My attempt: Consider the l.e.s. $$\ldots \to H_i(X) \xrightarrow{\times n} H_i(X) \xrightarrow{f} H_i(X; \mathbb Z_n) \xrightarrow{\partial} H_{i-1}(X) \xrightarrow{\times n} H_{i-1}(X) \to \ldots$$
Since $Im(\times n) = Kerf$, we have $Kerf= nH_i(X)$. Thus $f$ induces an injection from $H_i(X) / nH_i(X)$ to $H_i(X; \mathbb Z_n)$.
Now, since $Im \partial = Kerg =n-Torsion(H_{i-1}(X))$, we can form s.e.s.
$$0 \to H_i(X) /n H_i(X) \xrightarrow{f} H_i(X; \mathbb Z_n) \xrightarrow{\partial} n-Torsion(H_i(X)) \to 0$$ Here, the first exactness is due to injectivity of $f$ and the second one holds because of $\partial (\times n)=0$.
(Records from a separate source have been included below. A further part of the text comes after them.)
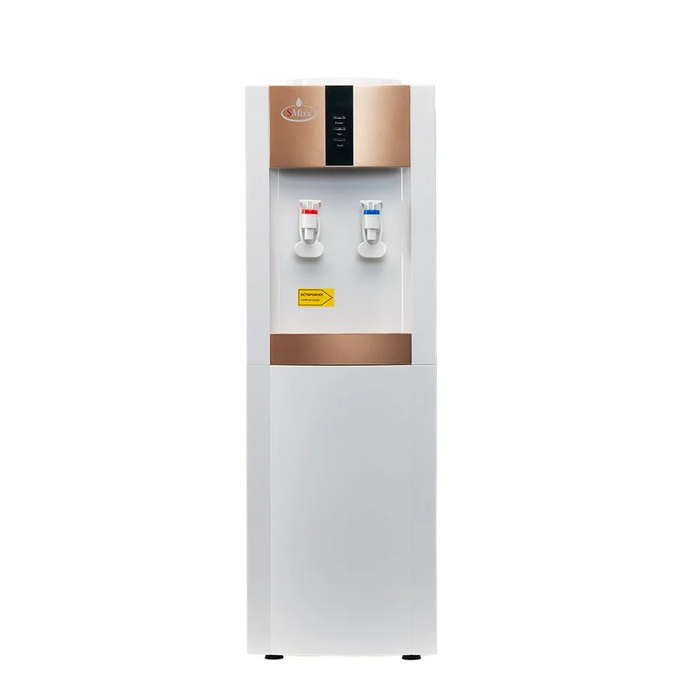 Напольный кулер для воды с шкафчиком, имеет функцию нагрева и охлаждения (электронное), классический дизайн.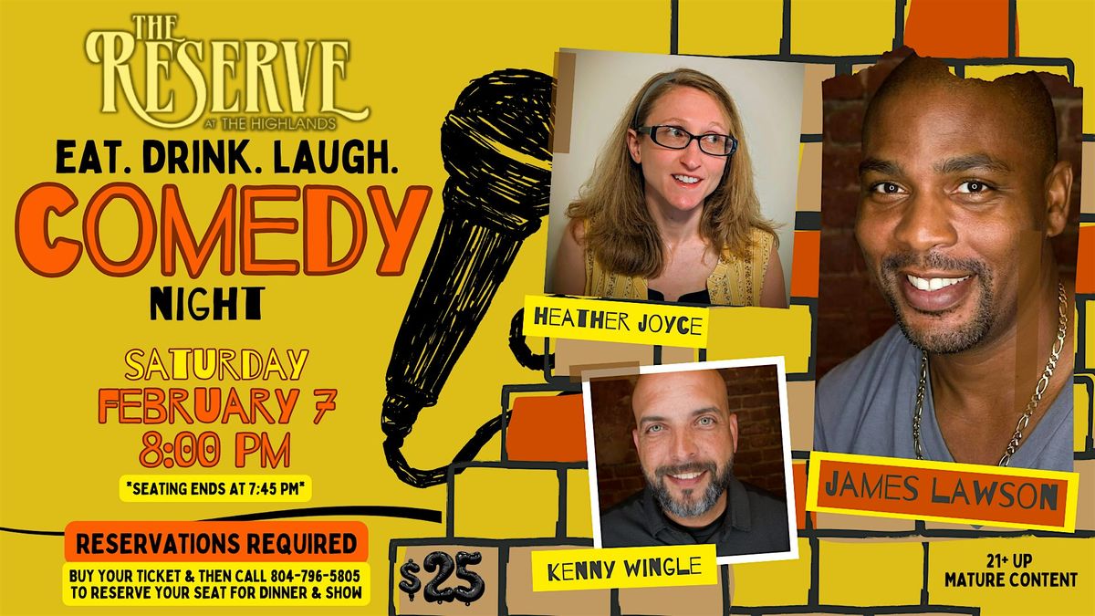 Get ready for a night of big laughs, great food, and cocktails flowing at The Reserve at The Highlands! Join us on Saturday, February 7th for an unforgettable Comedy Night featuring three hilarious professional comedians:
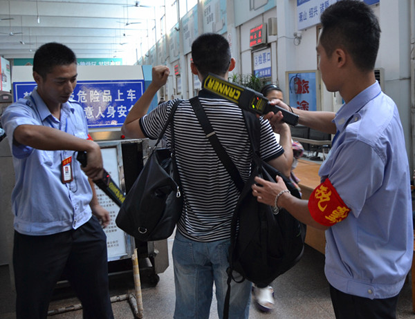 21日,隨著東站干部員工自救和兄弟單位的及時援助,東站的所有班線恢復了正常通車。生產正常了,安全也不能放松。東站經理室緊急布署了安檢工作,要求危檢崗位工作人員要進一步提高責任意識和大局意識,在洪災過后和“青奧會”期間的雙重安全形勢和任務下,及時引導旅客,利用手持危檢棒認真查堵危險品,把安全隱患消除在萌芽狀態,為旅客筑起一道牢固的安全防線。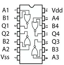 1 الدخل A1 2 الدخل B1 3 الخرج Q1 4 الخرج Q2 5 الدخل B2 6 الدخل A2 7 VSS 8 الدخل A3 9 الدخل B3 10 الخرج Q3 11 الخرج Q4 12 الدخل B4 13 الدخل A4 14 VDD |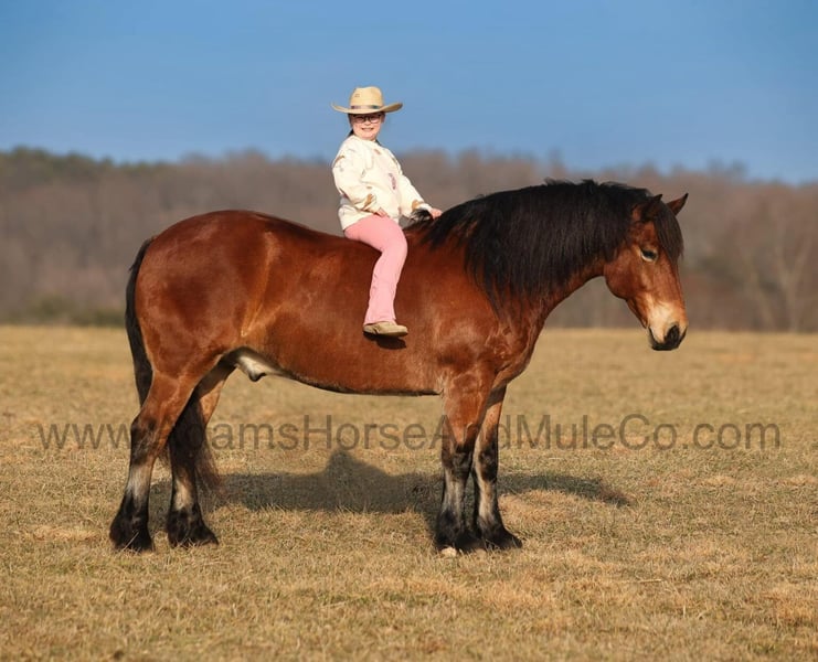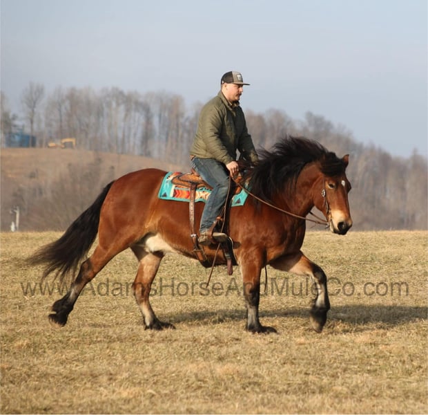 Go to visit our website for more pics and a video. AHAMC has been in the horse business and sold horses over the internet since 2005. We have a long track record of success with hundreds of happy customers. We work hard to match riders with the correct horses and specialize in beginner safe, family friendly horses that have been used and checked out by our family! Meet Olympian, a super stout built Draftcross gelding that is standing around 16hh. He will weigh 1450lbs, he is 9 years old and he has all the good looks, the feathering and (the best part) the mindset that anyone could ask for! Not only does he look cool, he has all of the other boxes checked as well… he is Mr. Personality, as friendly as they come, loves attention and is very calm natured. We originally trained and sold Olympian back in early 2021 and he has made his home in Delaware ever since, until they decided to downsize. Olympian has been ridden by every member of our family all the way down to our 6 year old daughter. He has been ridden down the highways and he is traffic safe as well. Olympian is great on trails and he will cross creeks, ditches, logs and navigate rough rocky areas. He has a smooth jog, a nice easy to set lope, a good stop and backs with ease! He has been exposed to all kinds of wildlife such as deer or turkey or other animals like cows or dogs and will go anywhere that he is asked too. He has been rode many miles in the mountains of Eastern Kentucky and encountered every obstacle possible on the trail. He will go up or down even the steepest slopes, across deep creeks, over downed trees, and over all types of rough terrain while still being sure footed. Olympian is not cinchy, cold backed, does not crib or weave. In addition to riding, Olympian has also been driven down the highways as well. He is a super cool horse that anyone is sure to love!!! Feel free to call Eric 606-308-2461 with any questions.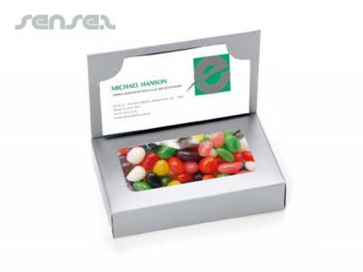 Other innovative corporate gift ideas that could be suitable to create brand awareness include these cheap promotional Full Colour Business Cards, quirky advertising gifts such as these Business Card Lolly Boxes (50g) or how about using one of our more bespoke custom made products such as these great quality Eco Corporate Jelly Bean Boxes (50g)?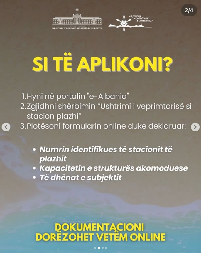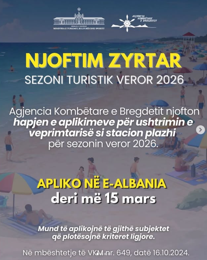 🔶Njoftojmë hapjen e aplikimeve për ushtrimin e veprimtarisë si stacion plazhi për sezonin turistik veror 2026.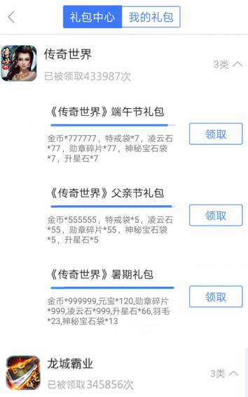 還有獨特的禮包中心功能,玩家在玩某些游戲時,不會再有繁瑣的領取獎勵過程——根本不需要去游戲里領取獎勵,直接打開禮包中心,哪個游戲在舉行活動,哪個游戲有獎勵領取,一目了然,動動手指,就可以輕松領取,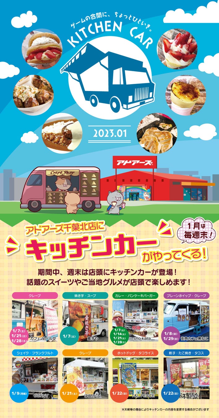 株式会社ワイドレジャー(本社:福岡県小郡市、代表:菊池 太一郎)が運営する、千葉県千葉市内のアミューズメント施設「アドアーズ千葉北店」の店頭に、さまざまなキッチンカーが期間限定で登場いたします。(※2023年1月末まで実施予定)
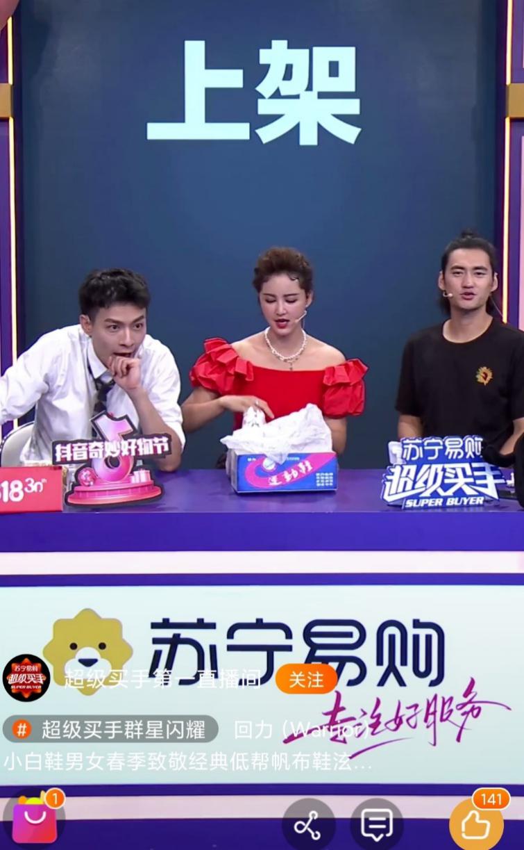 超級(jí)秀舞臺(tái)與“超級(jí)買手”直播間首度實(shí)現(xiàn)連麥,流量“打穿”效果明顯。在蘇寧易購(gòu)與抖音雙平臺(tái)的連播中,直播間全場(chǎng)補(bǔ)貨76次,群星買手人均喜提39次秒空。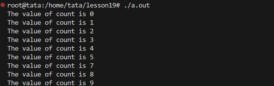 {pthread_t tid;pthread_create(&tid, nullptr, Routine, nullptr);while (true){cout << "The value of count is " << count << endl;sleep(1);}pthread_join(tid, nullptr);return 0;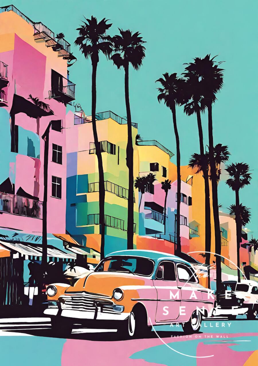 西海岸、サンタモニカの風景画。ヴィンテージのあるレトロテイストなポスター。ヴィンテージ、モダンなインテリアに相性良く、センスある部屋に変わります。

Is there any gap in the proof?
For the only if part of the second statement is immediate because $\mathbb Q$ has no torsion and $H_i(X; \mathbb Q) / nH_i(X; \mathbb Q)=0$
For the if part, I'm stuck. Any help will be appreciated.
Best Answer
For the final part, the vanishing of $\tilde{H}_*(X,\Bbb Z_p)$ means that for all $p$, both that $\tilde H_*(X)=p\tilde H_*(X)$, and that $\tilde H_*(X)$ has no $p$-torsion, that is, multiplication by $p$ on $\tilde H_*(X)$ is both surjective and injective, that is bijective. So there's a unique multiplication by $1/p$ on $\tilde H_*(X)$ for all primes $p$, etc.